There's a whole list of general effects magick can do and there's a feature GMs can use to sort of balance how many charges a spell can require, denoted by Ω. This can nudge the cost up or down by up to 2 points, to a minimum of 1.  Weaker effects or stricter requirements to either generate or lose charges can drop the cost of things, while stronger effects and easier to abide rules or easier means of gaining charges increases the cost.  

So much of this game is really interesting and fun to play in.  I wish I could talk more about the various Phenomena you can put in to keep players on edge or signal something is weird, and can range from stuff like a cell phone ringing with a no number caller, or someone slipping out of time for an hour, or fuck man, wanna play some Jumanji?.  If they're more permanent oddities, like an owl that flies by at exactly 1:22 AM every night, or a part of a rickety house you found that has a built in feature for a haunted house that you don't have to prep, you may be able to work those to your advantage, or at least set your watch by them.  

I am so mad at myself because there's so much cool and weird shit (and this is just the first book on how to play the game!), and I am so bad at relaying that information.  The tone and details they give you are really cool and evocative.  I cannot do this justice, but I feel like I want to run this more than World of Darkness again.  Horror isn't a space I normally play in, but this gives my brain enough to latch on to do something weird in.  Fuck man, I want to make a world that one of the Avatars making up this world was like, a fuckin' jazz musician so Ska is weirdly overrepresented on all top 50 pop charts, just because!

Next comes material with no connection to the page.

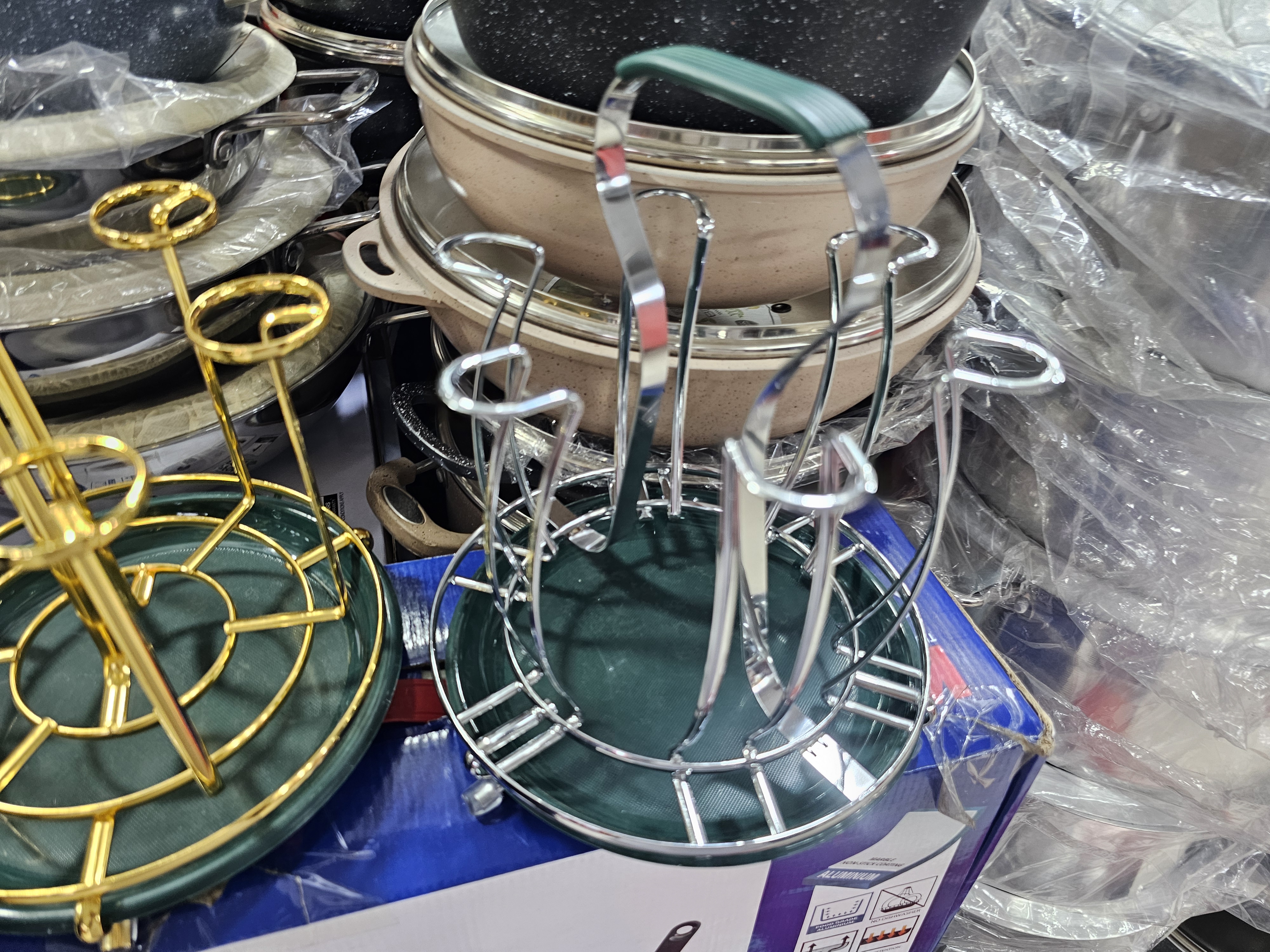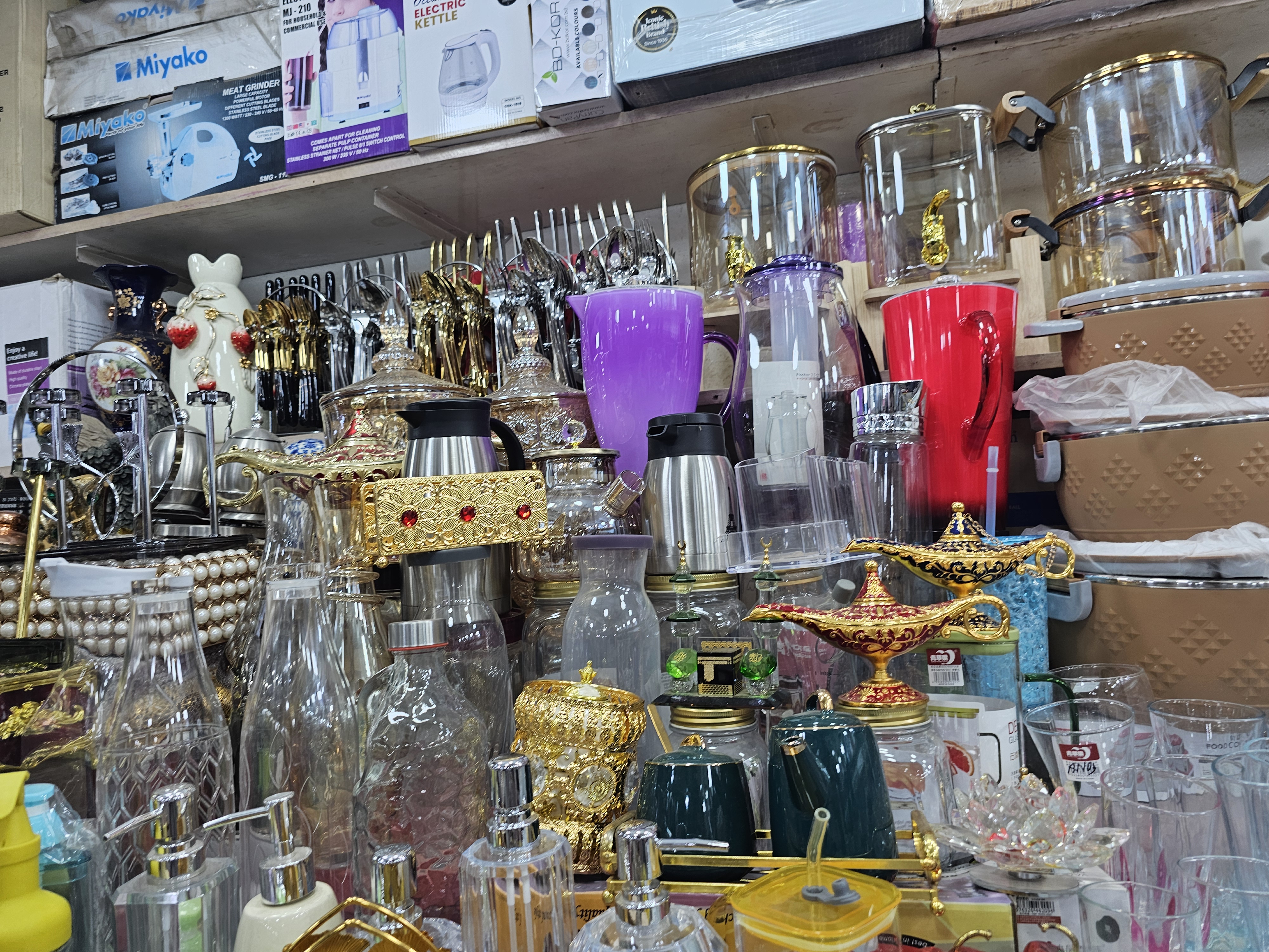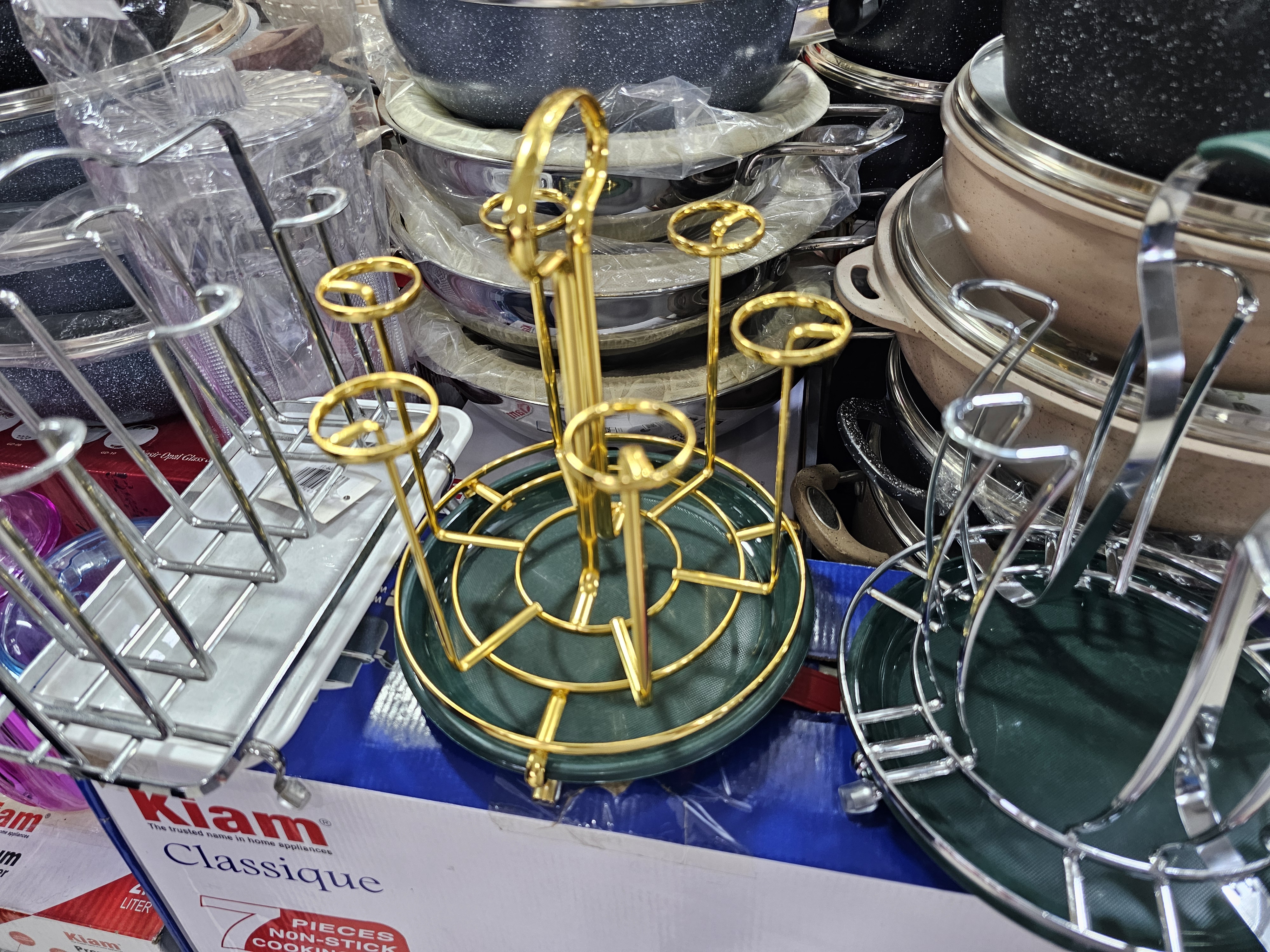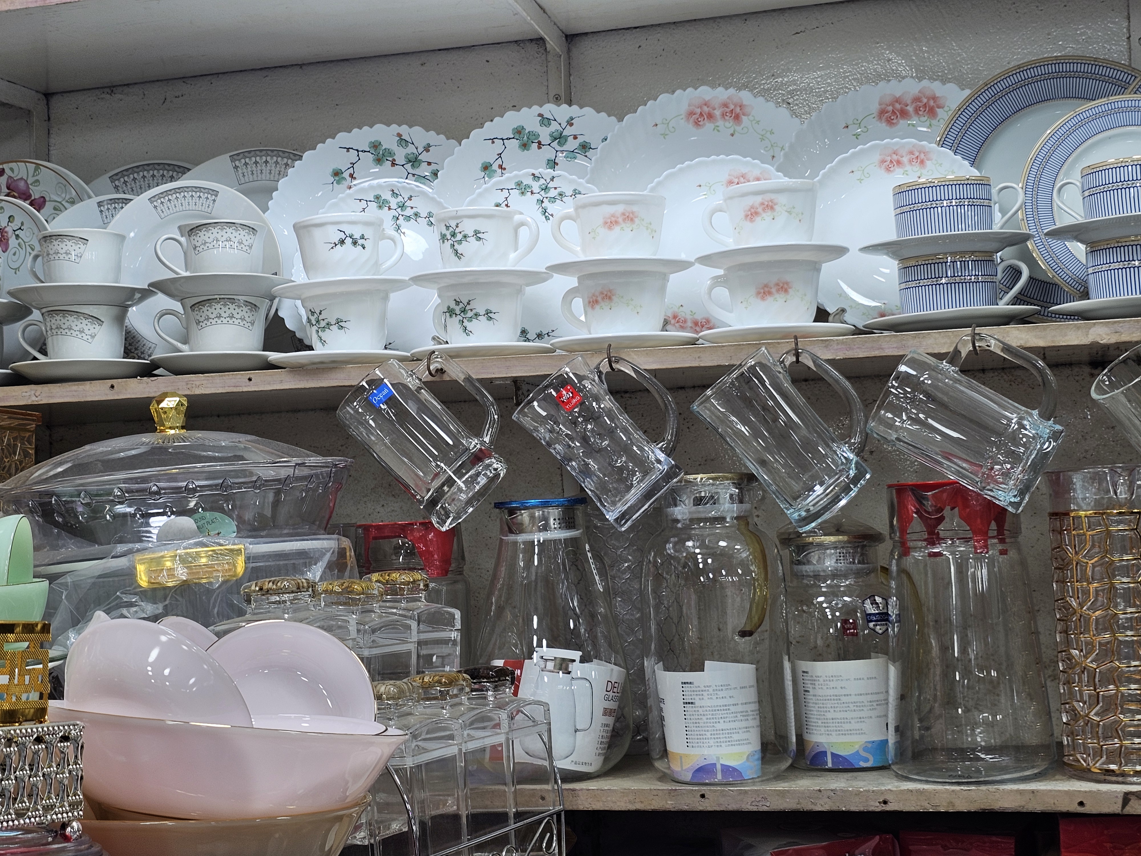 This shop has all the crockery items. There are dinner sets, bowls, glasses, glass stands, various small and large pots, pans, ovens, rice cookers, all kinds of household items. Every item is very important for all of us at home. Especially everything from cooking to eating is available here. That is, the ones we use to cook food and the ones we use for eating. There are even tissue stands, glass stands, and spoon stands to keep on the table. In other words, all the items are available in this one shop.

Despite my earlier layout complaint, everything flows nicely.  If this is the advice and information they're giving the player facing book, I'm incredibly curious what Book 2: Run is going to contain because goddamn, that's gotta have some choice advice for setting up mysteries, the collaborative world building, and, well, I think it does contain the character creation rules, so that too.  Strongly considering picking up more books just to find out more.